There must be some way to fool the algorithm. Maybe some how hypnotize those scrolling until they find someone with that X factor. Then again that’d be little to no fun. I don’t like when someone bamboozles me, so I won’t bamboozle you.
There’s not always insight in wisdom to find in these posts. Sometimes I give you interior voice. In a way it’s almost a stream of consciousness. Take it as you will I think that these types of narration or the type of voice on the page, the voice has purpose. Sometimes the purpose of the voice has nothing to do with anything. The voice just wants to speak.
I enjoy these irrelevant posts because for some reason I’m like a ugly version of James Joyce. Have you ever read Ulysses? It’s super monotonous throughout. Moments where Joyce transcends imaginative genius are there too, I’d be a jackass to not mention Joyce’s ideas from the beyond.
What beyond I speak of I can’t say. No, I mean I have no idea. I visit the beyond sometimes. Sometimes for a short amount of time. Other times I’m in the super unknown for more than a weekend. After about two to three days of taking in the indefinable I get restless. Too much eternity can really bring out the white hairs on my beard.
The eternal realm isn’t home, in my opinion. Not sure how it works, the eternal timeless hotspots. My guess is there are, hmm- pockets, or bubbles of the eternal.
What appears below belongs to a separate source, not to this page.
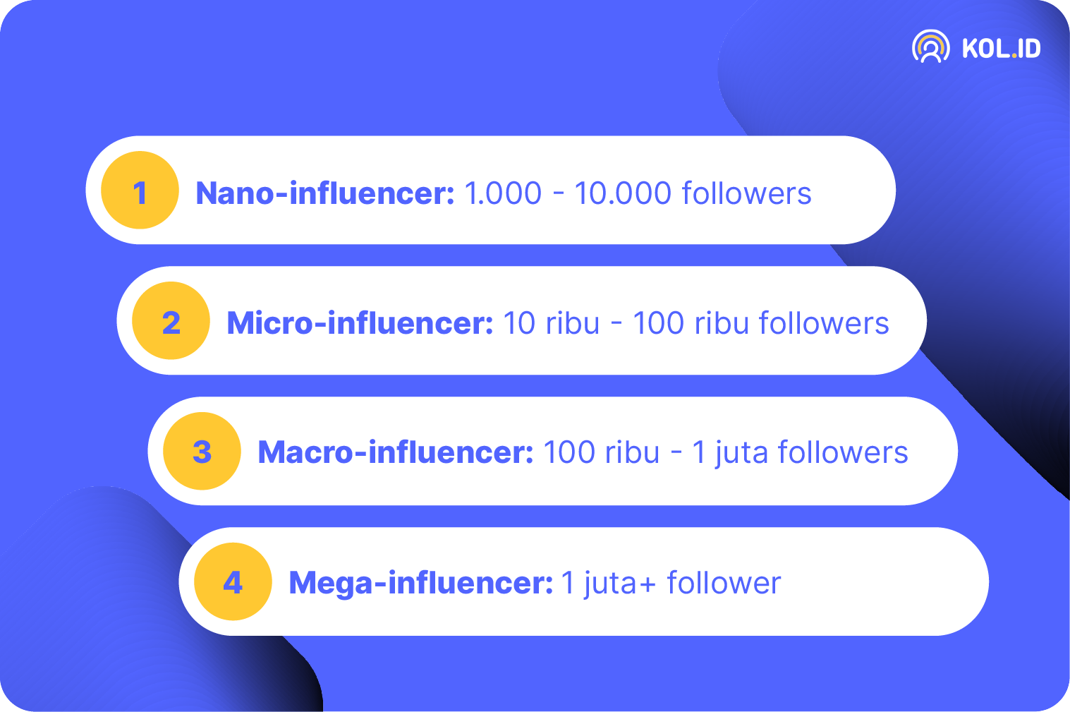 Pengertian dari Sprout Social, influencer terbagi menjadi 4 jenis berdasarkan jumlah pengikutnya:

Find them when and where you can I guess.
The problem with timeless stuff for most thinkers comes down to the material being erratic, often observed as nonsensical, borderline whimsy. There is no definitive reason for speaking in an unknown context. Doing so baffles our logic which in turn might seem a waste of time.
To me I might be writing notes. Jotting down scatterbrained jargon I can come back to observe at a point in the future. Future me appreciates what present me does. It may seem this is a waste of time, I can comprehend why it would appear pointless to most. I can’t be mad- I’m not most, or the rest, I’m me. I gots to do what I gots to do.
“Philip you’re making sense of nothing”
Yeah, well… Ya know… That’s just like, you’re opinion.
Find me writing later today. I’ll be creating or I might sleep some more. Either way you make it the day you want to have. If things go awry don’t fret. When did crying over what we cannot change help us? Never. It just makes things worse. Grab a toothbrush off the display aisle and have a chat that stimulates.
Sometimes, I wonder if any of you are real at all. Maybe you’re all a program. Not machines, but rather some organic illusion. Things are not as the might seem. Objects are closer than they appear. I can be cliche, corny, and contrived. I act. I am not above coming across as a bumpkin who thinks he’s hip. The moment I get an inflated ego building up power I make fun of my ego. I make fun of myself, because ego never dies. I can defeat my ego on the daily. Yeah, it is repetitive. It is kinda a job I grow tired of. My ego doesn’t take it easy on me. I can’t allow myself to give up. Then I feel nothing at all. I don’t like being empty all the time. I can only empty myself through meditation sessions. I meditate for anywhere from five to fifteen minutes. Works for me.
Ok, well- I did it. I wrote some stuff. Yay me, the selfless me, screw the selfish inside of myself.